--- Task item ---
Your copy should repeat the data that follows exactly and contain no image.

--- Data block ---
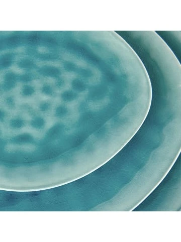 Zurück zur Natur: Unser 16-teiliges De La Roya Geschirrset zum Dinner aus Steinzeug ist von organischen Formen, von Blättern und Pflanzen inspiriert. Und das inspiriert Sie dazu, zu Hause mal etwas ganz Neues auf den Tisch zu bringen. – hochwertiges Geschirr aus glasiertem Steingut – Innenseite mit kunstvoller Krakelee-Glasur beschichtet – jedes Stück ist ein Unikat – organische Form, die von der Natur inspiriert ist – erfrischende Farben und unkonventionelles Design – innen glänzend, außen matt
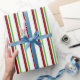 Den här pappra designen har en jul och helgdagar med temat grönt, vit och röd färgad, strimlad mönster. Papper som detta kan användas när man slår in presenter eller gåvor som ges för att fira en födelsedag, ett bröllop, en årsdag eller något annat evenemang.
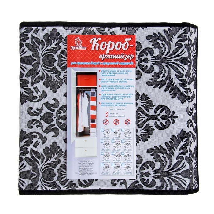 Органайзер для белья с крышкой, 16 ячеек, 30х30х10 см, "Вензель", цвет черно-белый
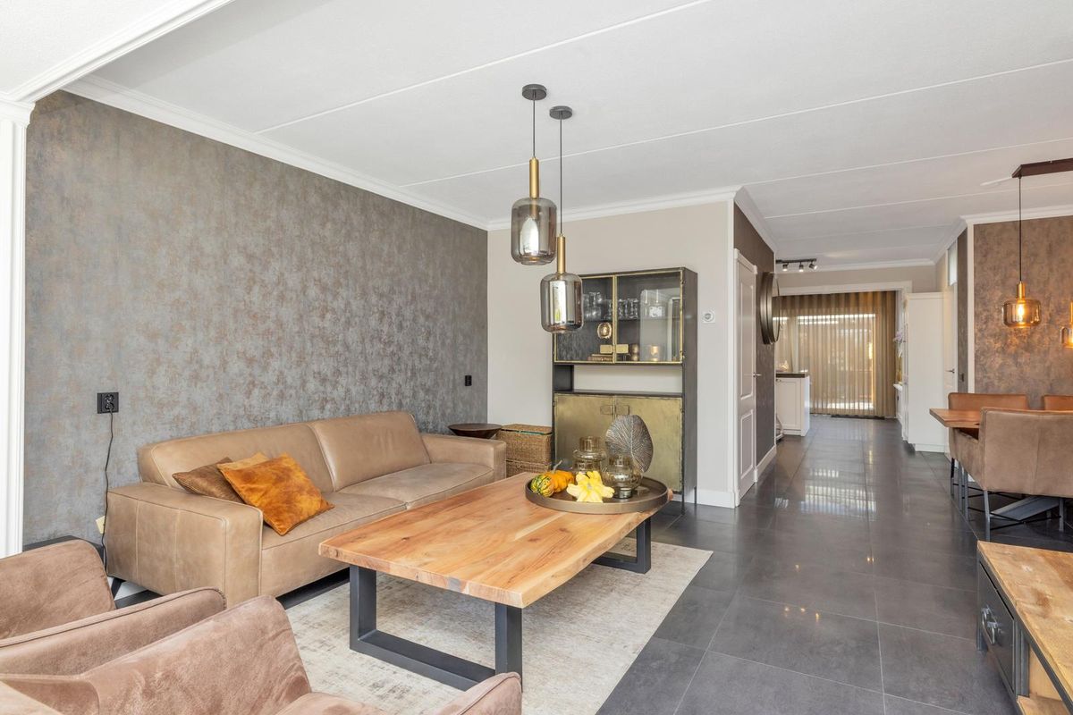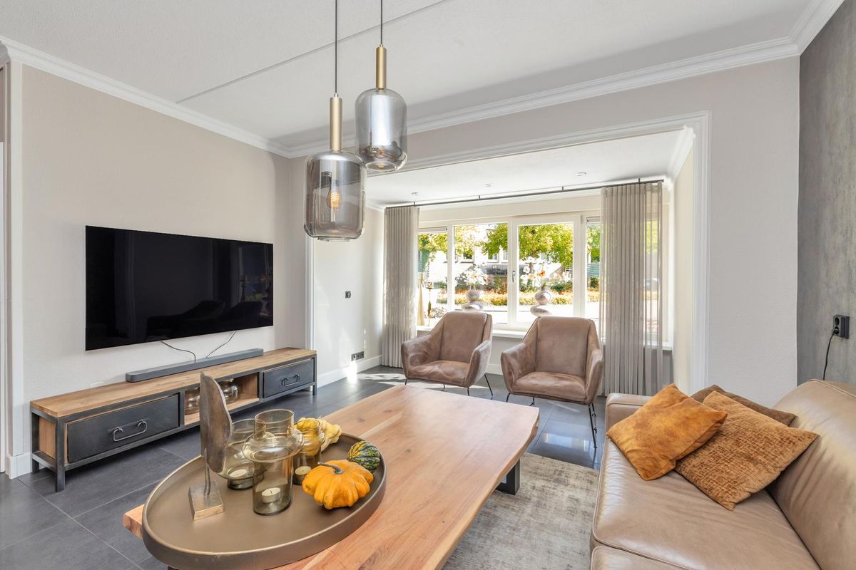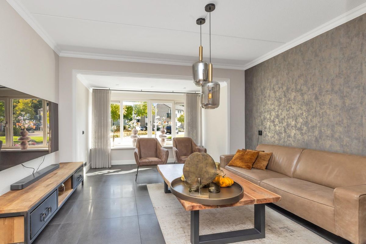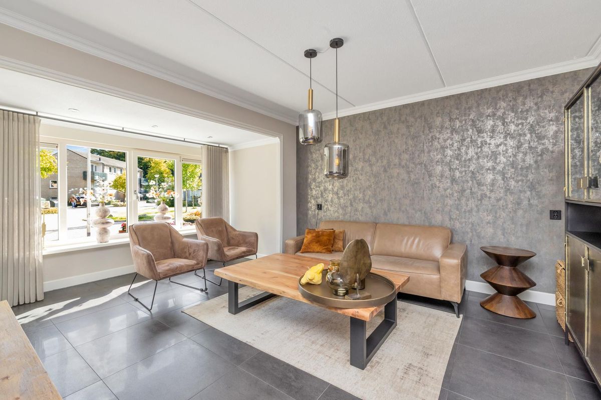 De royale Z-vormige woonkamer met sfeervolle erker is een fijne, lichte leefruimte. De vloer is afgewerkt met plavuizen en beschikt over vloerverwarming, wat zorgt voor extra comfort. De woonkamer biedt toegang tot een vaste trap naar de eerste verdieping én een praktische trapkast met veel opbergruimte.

--- Task solution ---
 Zurück zur Natur: Unser 16-teiliges De La Roya Geschirrset zum Dinner aus Steinzeug ist von organischen Formen, von Blättern und Pflanzen inspiriert. Und das inspiriert Sie dazu, zu Hause mal etwas ganz Neues auf den Tisch zu bringen. – hochwertiges Geschirr aus glasiertem Steingut – Innenseite mit kunstvoller Krakelee-Glasur beschichtet – jedes Stück ist ein Unikat – organische Form, die von der Natur inspiriert ist – erfrischende Farben und unkonventionelles Design – innen glänzend, außen matt
 Den här pappra designen har en jul och helgdagar med temat grönt, vit och röd färgad, strimlad mönster. Papper som detta kan användas när man slår in presenter eller gåvor som ges för att fira en födelsedag, ett bröllop, en årsdag eller något annat evenemang.
 Органайзер для белья с крышкой, 16 ячеек, 30х30х10 см, "Вензель", цвет черно-белый
 De royale Z-vormige woonkamer met sfeervolle erker is een fijne, lichte leefruimte. De vloer is afgewerkt met plavuizen en beschikt over vloerverwarming, wat zorgt voor extra comfort. De woonkamer biedt toegang tot een vaste trap naar de eerste verdieping én een praktische trapkast met veel opbergruimte.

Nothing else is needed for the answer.